Rosalind Plowright, Natalya Romaniw - Tchaikovsky: Queen of Spades - Opera Holland Park (Photo Robert Workman)
Rosalind Plowright, Natalya Romaniw - Tchaikovsky: Queen of Spades
Opera Holland Park (Photo Robert Workman)
Natalya was on the young artist programme at Houston Grand Opera from 2012 to 2014, and she found the experience very different to studying in the UK (where she was at the Guildhall School). She loved her time in Houston and found it very valuable, but it was not the easiest of experiences. There was very much a change in culture, and she found the Americans more focused on technique whilst the British were focused on artistry, and she comments that ultimately an artist really does need both. So, her time in Houston was challenging but she feels it was where she learned to sing.

During her two years in Houston she did a lot of roles on the main stage, and regards herself as very lucky. She was the alternate cast Mimi in La Boheme, had two minor roles in Il Trovatore, was in Weinberg's The Passenger, and sang Rosalinde in Die Fledermaus. Though Natalya had seen Die Fledermaus at WNO and enjoyed it, she admits to finding Rosalinde a 'thankless role' and though it can be made to work with her voice she is unsure whether she would want to do it again. She also played Micaela in Carmen which she feels was casting against her temperament and her gut instinct was that she would prefer to play to the title role, but she admits that she can't sing everything even if she wants to!

A long-time dream role


Tatyana was a long-time dream role, one which she studied whilst at the Guildhall School and always wanted to do on stage. And Natalya feels lucky that in the next three or four years she is going to be able to sing most of the roles that she currently wants to sing, though she admits to wanting to sing Santuzza in Cavalleria Rusticana but feels that this is another role where you need experience, and to have lived a lot.
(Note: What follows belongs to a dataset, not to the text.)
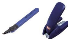
・ステープラー針 リムーバー
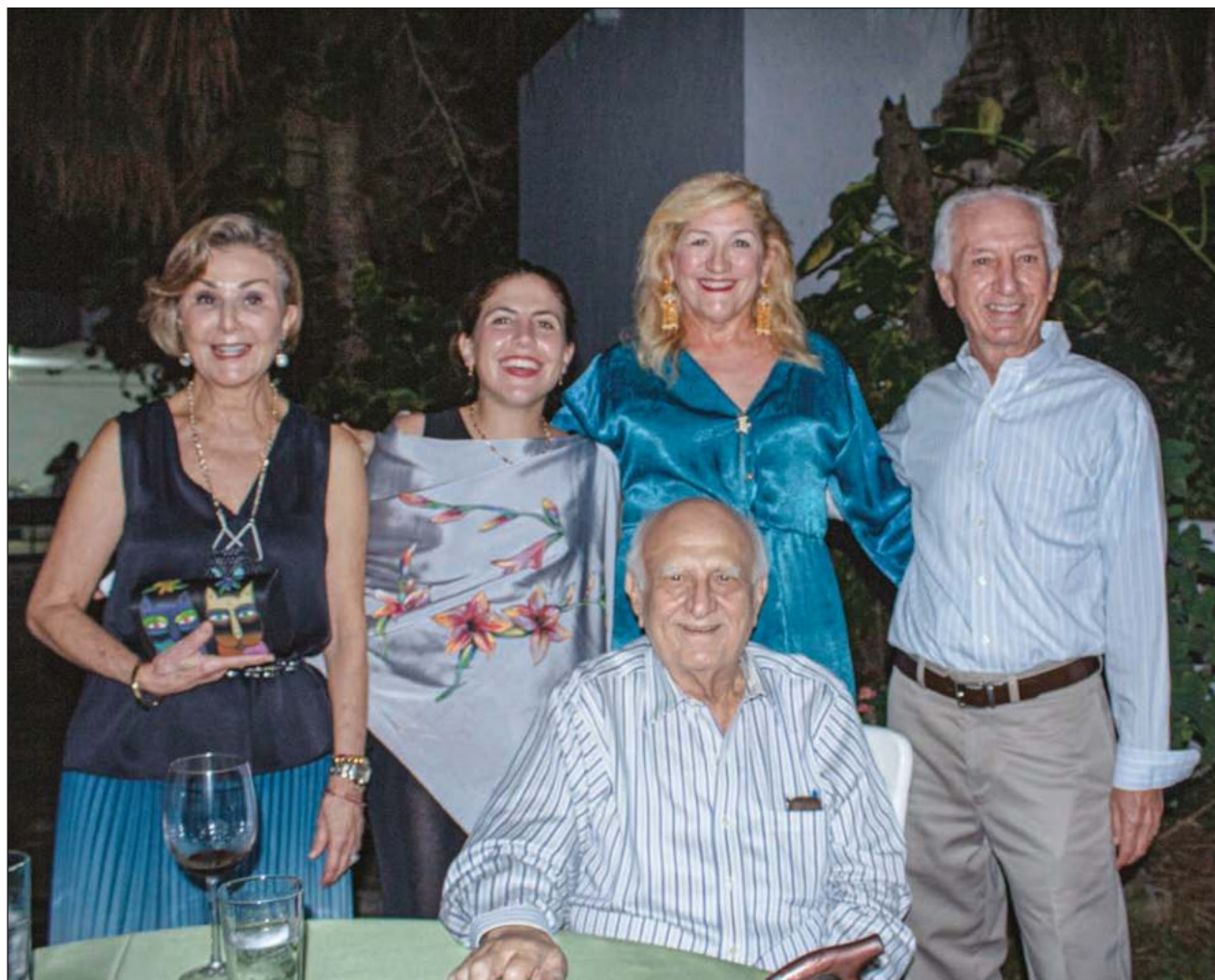
▲ Hace un cuarto de siglo que Calocho comenzó a capacitar a jóvenes para que pudieran pintar las obras, hoy en día siete continúan trabajando con él.

Desde allí, hace un cuarto de siglo, comenzó a capacitar a jóvenes para que pudieran pintar las obras, hoy en día siete continúan trabajando con él.

She sang Tchaikovsky's Iolanta at the Guildhall School, and would love to sing the role again, and having done Jenufa she would love to sing Kat'a Kabanova, though she feels that the role of Emilia Marty in Makropoulos Case is some way off yet. At the moment, every single role is new and she finds it a gift to be able to sing a role for the second time.

Valkyries in Houston - Natalya Romaniw, Eve Gigliotti, Julie Makerov - Wagner: Die Walkure (Photo Lynn Lane)
Valkyries in Houston - Natalya Romaniw, Eve Gigliotti, Julie Makerov - Wagner: Die Walkure (Photo Lynn Lane)
Natalya always wanted to combine music and drama in her career, but it was only her teacher John Evans at the Guildhall School who introduced her to opera. Though everyone always said that she had a big voice, she is not a dramatic soprano yet and she was always encouraged to leave the voice as it is and simply let it develop. Whilst at the Guildhall School, John Evans gave her homework to name the top five sopranos of the day. But at the age of 18 she was not interested in contemporary singers, she was only interested in her grades at school, but John told her to get interested or go and work in Marks & Spencer (where she had a part-time job when a student). So she started to go to see operas, and to get interested.

She admits to preferring old-school sopranos. She loves Callas, feeling that though it was not the most beautiful of voices she sang with absolute integrity. Another soprano she admires is Mirella Freni, one who always sang lyrically and always sang with what she had, and never pushed.